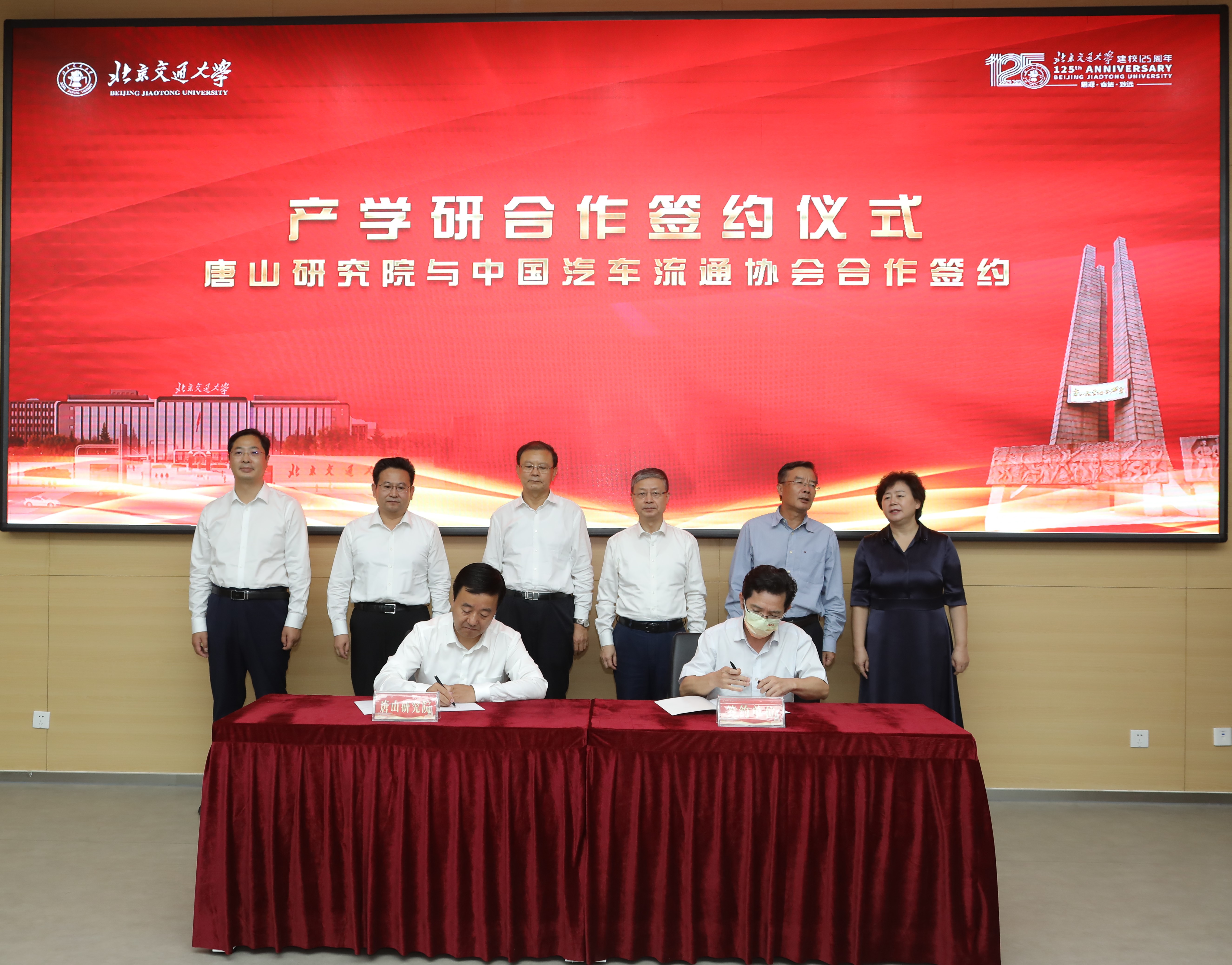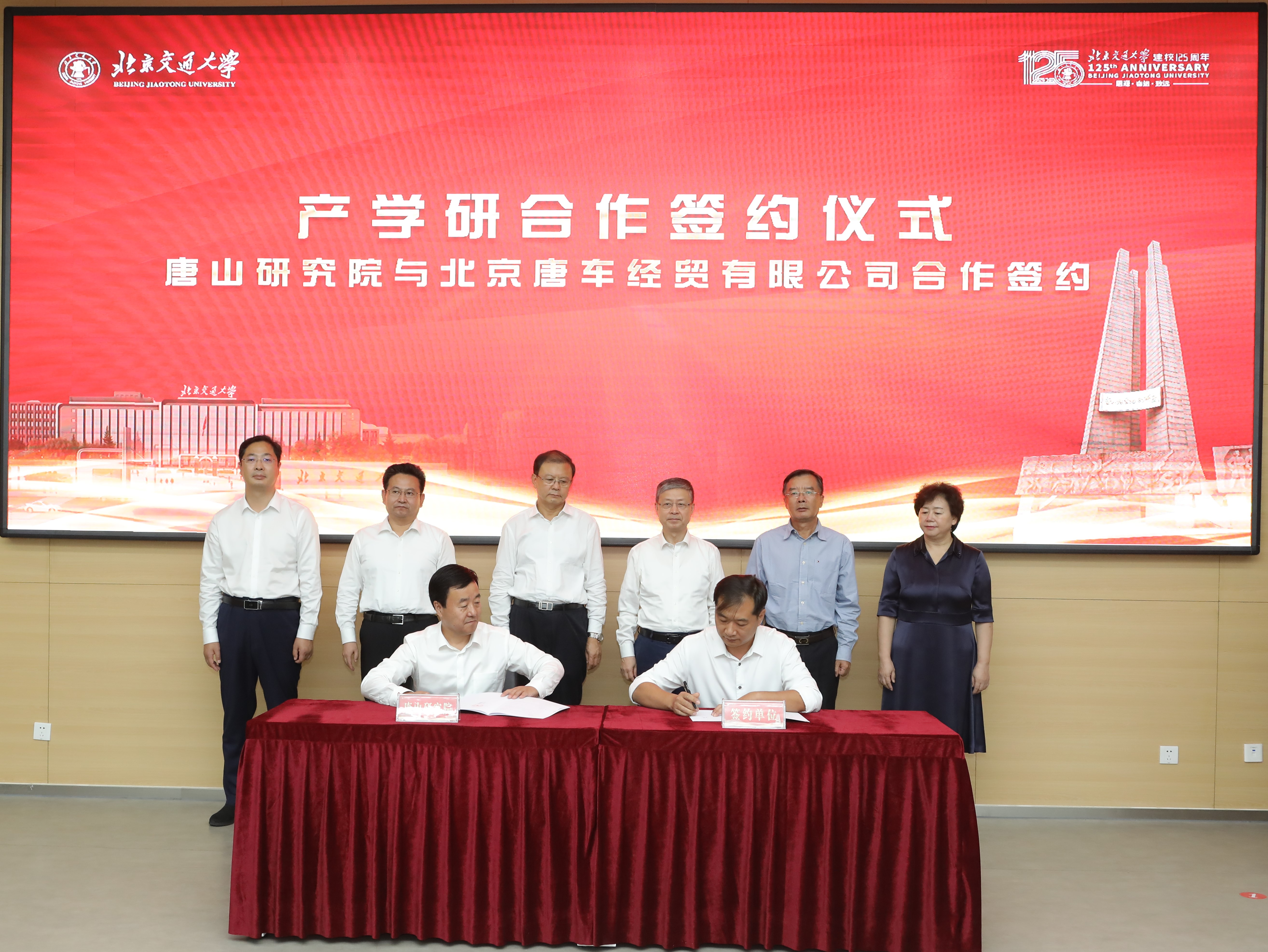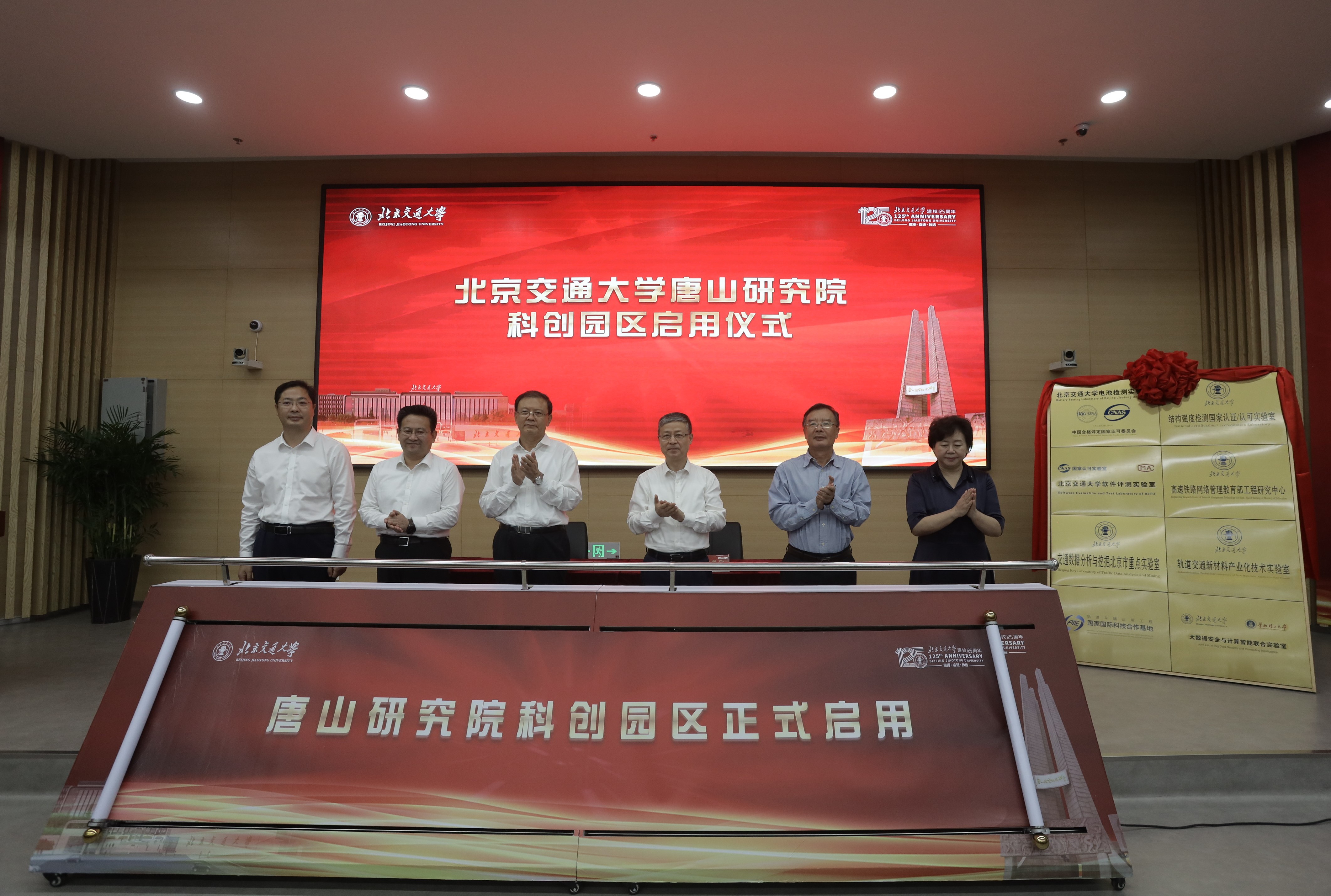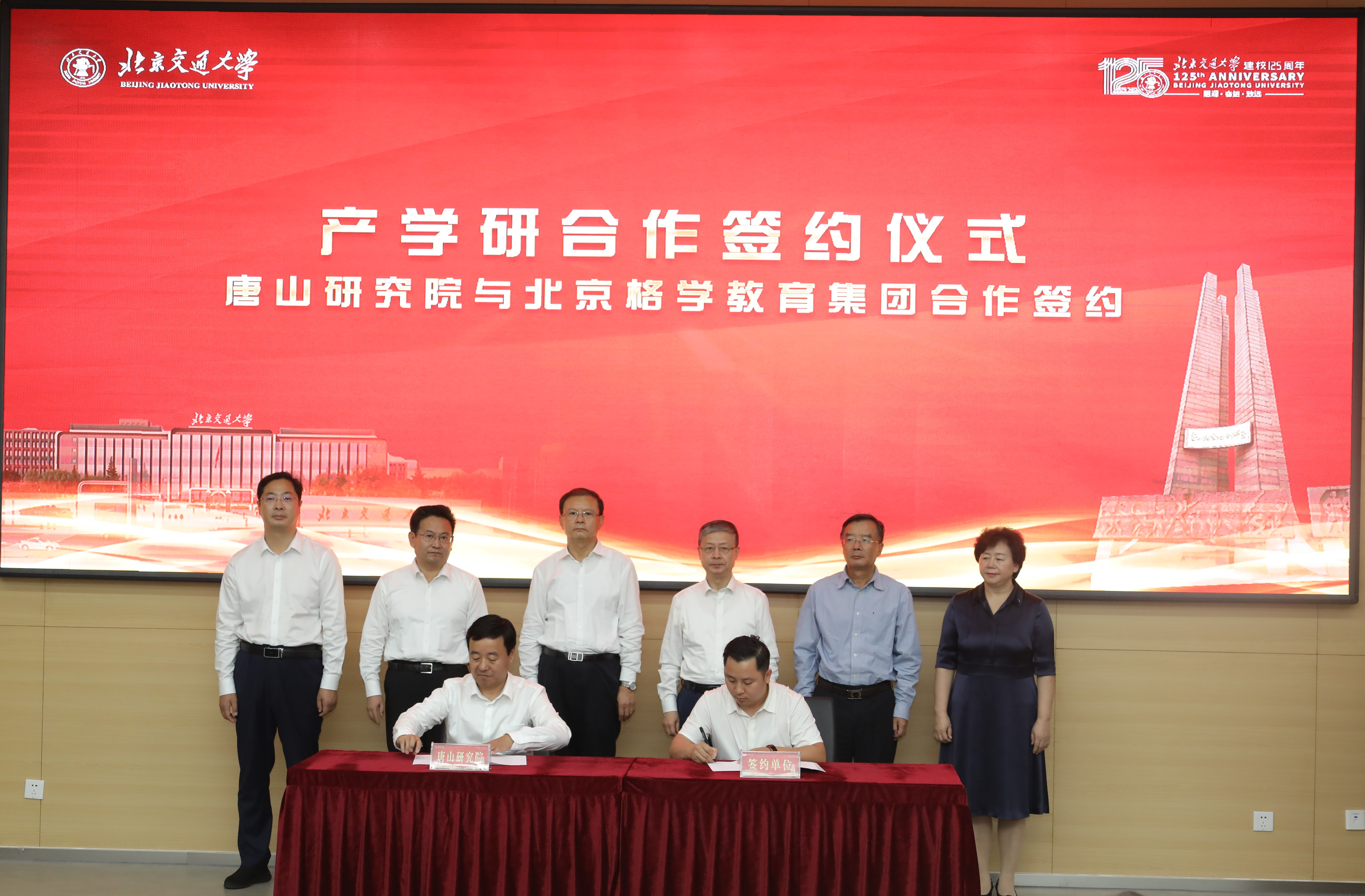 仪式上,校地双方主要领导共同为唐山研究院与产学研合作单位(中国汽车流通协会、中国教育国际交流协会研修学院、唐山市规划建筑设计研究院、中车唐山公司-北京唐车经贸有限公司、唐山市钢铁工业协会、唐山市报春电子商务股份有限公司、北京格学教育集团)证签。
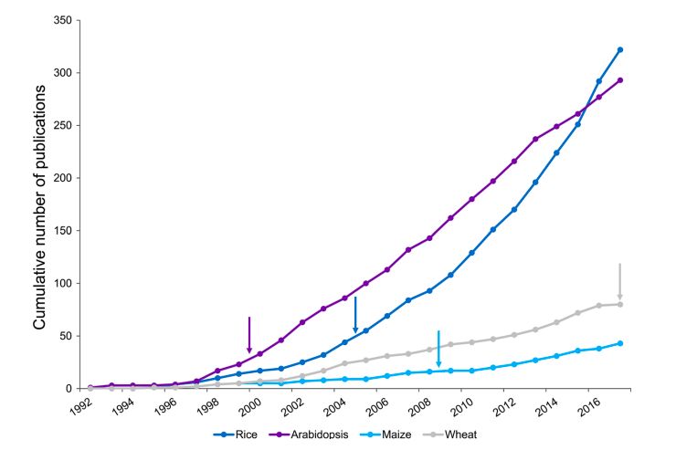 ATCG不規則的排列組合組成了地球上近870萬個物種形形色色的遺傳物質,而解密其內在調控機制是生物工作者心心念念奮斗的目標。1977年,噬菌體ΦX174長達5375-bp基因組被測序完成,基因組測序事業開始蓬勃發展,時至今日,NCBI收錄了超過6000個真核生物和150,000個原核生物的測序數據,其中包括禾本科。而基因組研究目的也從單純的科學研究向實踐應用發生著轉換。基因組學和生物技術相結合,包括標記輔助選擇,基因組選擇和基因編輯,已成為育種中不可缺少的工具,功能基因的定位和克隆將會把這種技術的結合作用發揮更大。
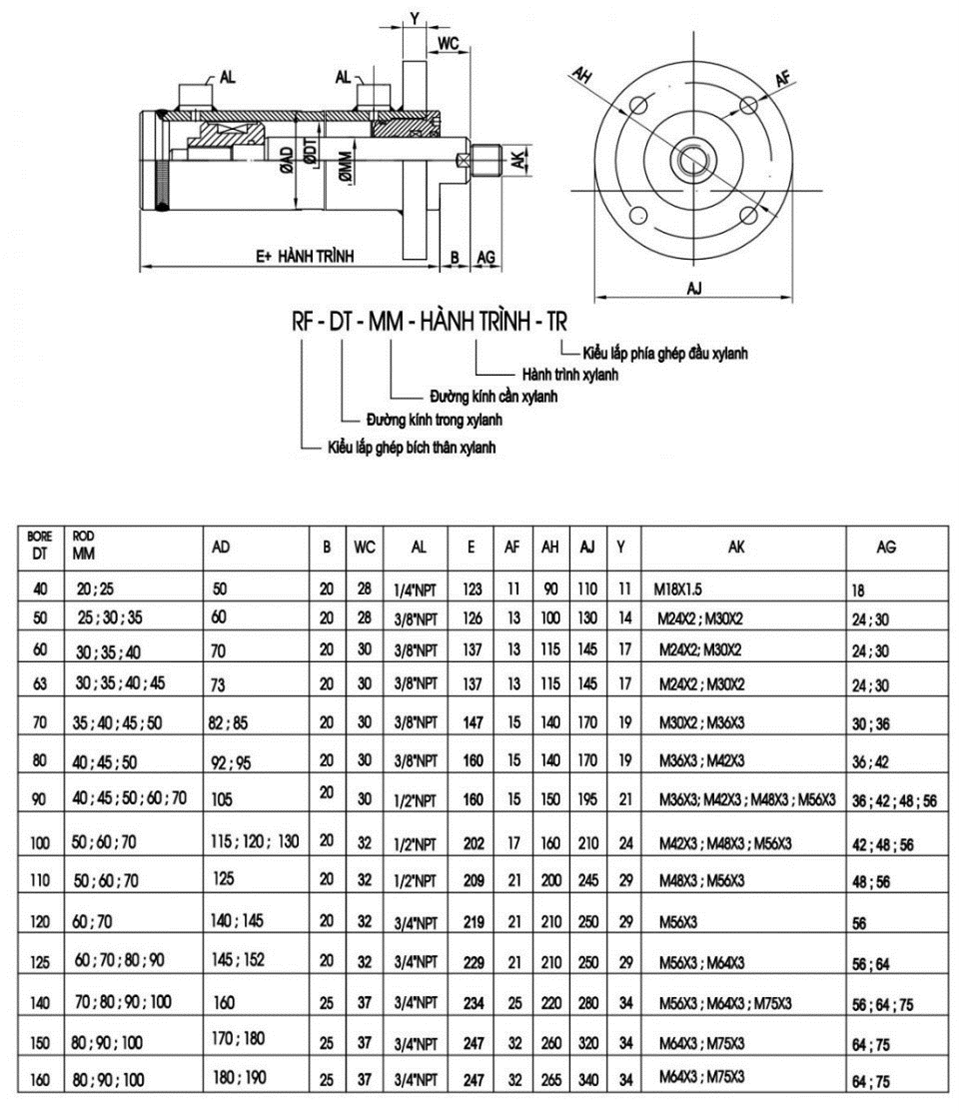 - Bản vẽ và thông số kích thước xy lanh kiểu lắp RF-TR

::::

» EXERCISE:
Leaving out the pictures, restate the listing above exactly.

» RESPONSE:
 仪式上,校地双方主要领导共同为唐山研究院与产学研合作单位(中国汽车流通协会、中国教育国际交流协会研修学院、唐山市规划建筑设计研究院、中车唐山公司-北京唐车经贸有限公司、唐山市钢铁工业协会、唐山市报春电子商务股份有限公司、北京格学教育集团)证签。
 ATCG不規則的排列組合組成了地球上近870萬個物種形形色色的遺傳物質,而解密其內在調控機制是生物工作者心心念念奮斗的目標。1977年,噬菌體ΦX174長達5375-bp基因組被測序完成,基因組測序事業開始蓬勃發展,時至今日,NCBI收錄了超過6000個真核生物和150,000個原核生物的測序數據,其中包括禾本科。而基因組研究目的也從單純的科學研究向實踐應用發生著轉換。基因組學和生物技術相結合,包括標記輔助選擇,基因組選擇和基因編輯,已成為育種中不可缺少的工具,功能基因的定位和克隆將會把這種技術的結合作用發揮更大。
 - Bản vẽ và thông số kích thước xy lanh kiểu lắp RF-TR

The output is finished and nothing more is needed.